The test: Can a friend run your code from scratch?

Lab Preview

This week's hands-on:

  1. Create a virtual environment for your Netflix project
  2. Generate requirements.txt with pinned versions
  3. Add random seeds to your training script
  4. Create a proper README
  5. Write a Dockerfile (optional bonus)
  6. Have a friend test your setup!

Interview Questions

Common interview questions on reproducibility:

  1. "How would you ensure your ML experiments are reproducible?"

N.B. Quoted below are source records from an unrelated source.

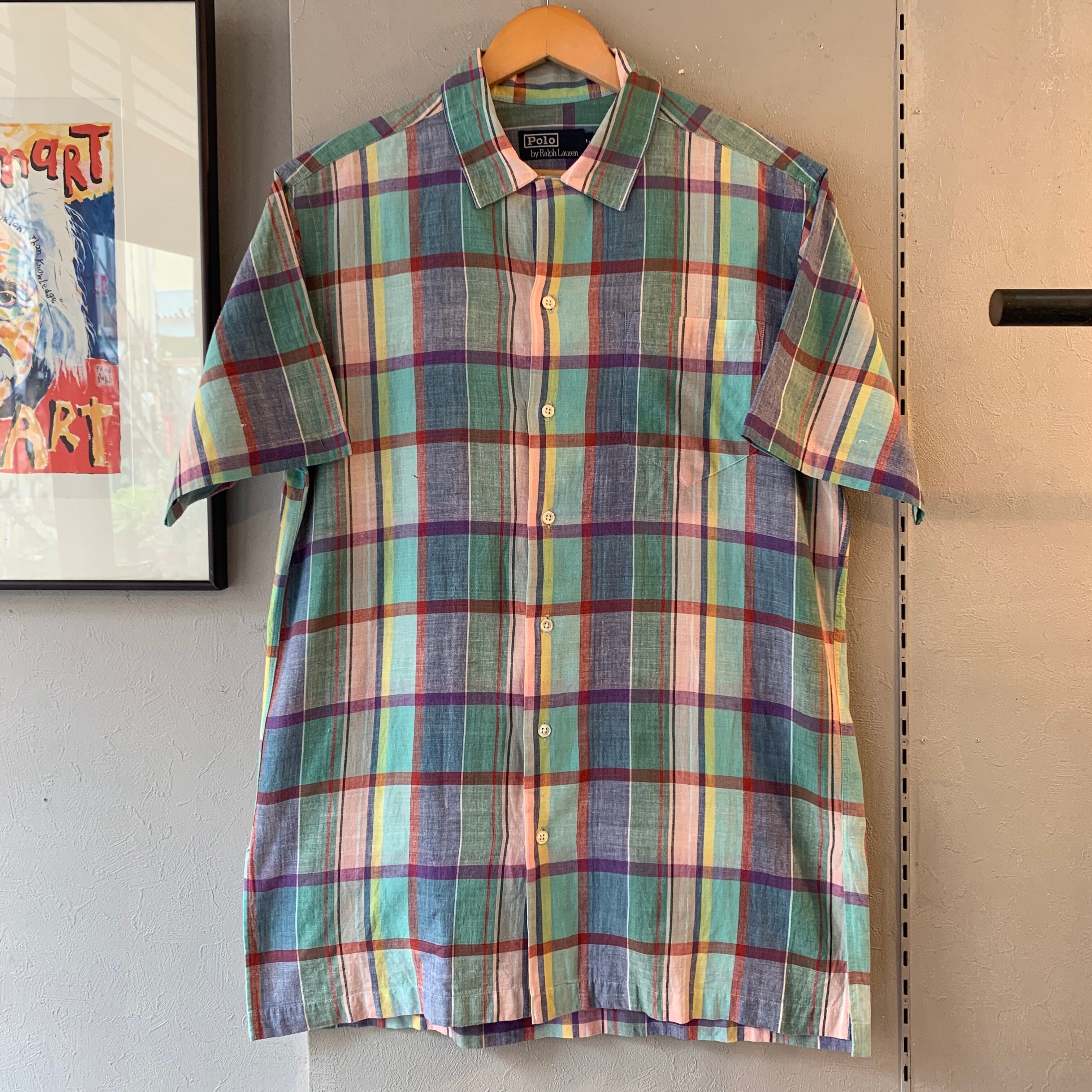 90s ラルフローレン マドラスチェック ループカラーシャツ L
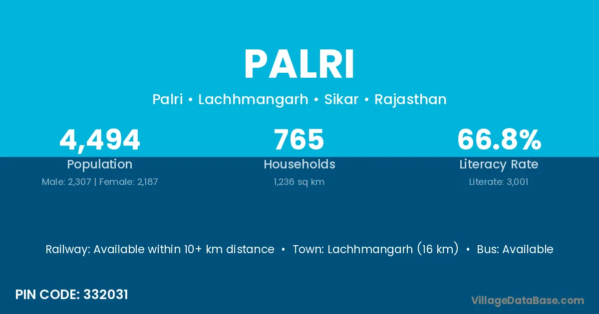 The literacy rate of Palri village is 37.38%. Male literacy stands at 49.10% and female literacy at 24.42%.
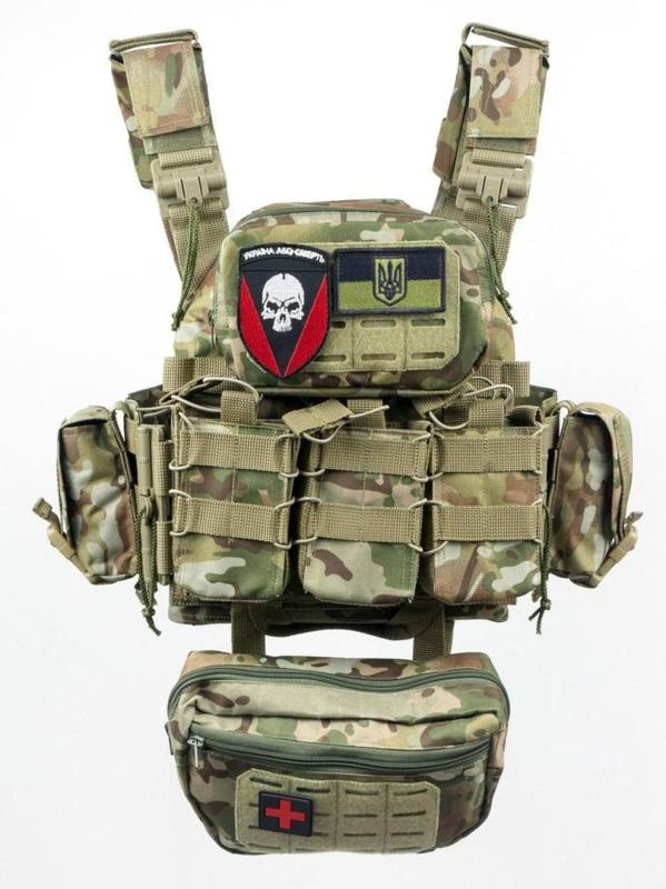 Шеврони в комплект не входять ! В комплекті Плитоноска 1 шт Підсумока для АК 3 шт Напашник 1 шт Улітарний підсумок 1 шт Підсумок під гранату 2 шт сумісний з плитами розміром 25х30см Бокові кармани під балістичні пакети 25x15 матеріал: Cordura 1000D з IRR просоченням. Не контрастує у ПНВ 2 та 3 поколінь Система швидкого скидання 3D вентиляція для підвищення комфорту текстильні застібки виробництва Velkro регулювання по висоті для розмірів S/XL регулювання камербанду по об’єму для розмірів S/XL еластична вставка на камербанді передня частина має карман для особистих речей м’які панелі для кріплення ідентифікаторів та пачів

    • Pin all dependency versions in requirements.txt
    • Set random seeds (Python, NumPy, PyTorch/TensorFlow)
    • Version control data with DVC or similar
    • Use config files instead of hardcoded values
    • Document environment (Python version, OS)
  2. "What is Docker and why use it for ML?"

    • Container packages code + dependencies + environment
    • "Works on my machine" → "Works everywhere"
    • Consistent dev/prod environments
    • Easy deployment and scaling

Questions?

Today's key concepts:

  • Virtual environments (venv, conda)
  • requirements.txt
  • Random seeds
  • Docker basics
  • Project structure

Remember: Reproducibility is a gift to your future self!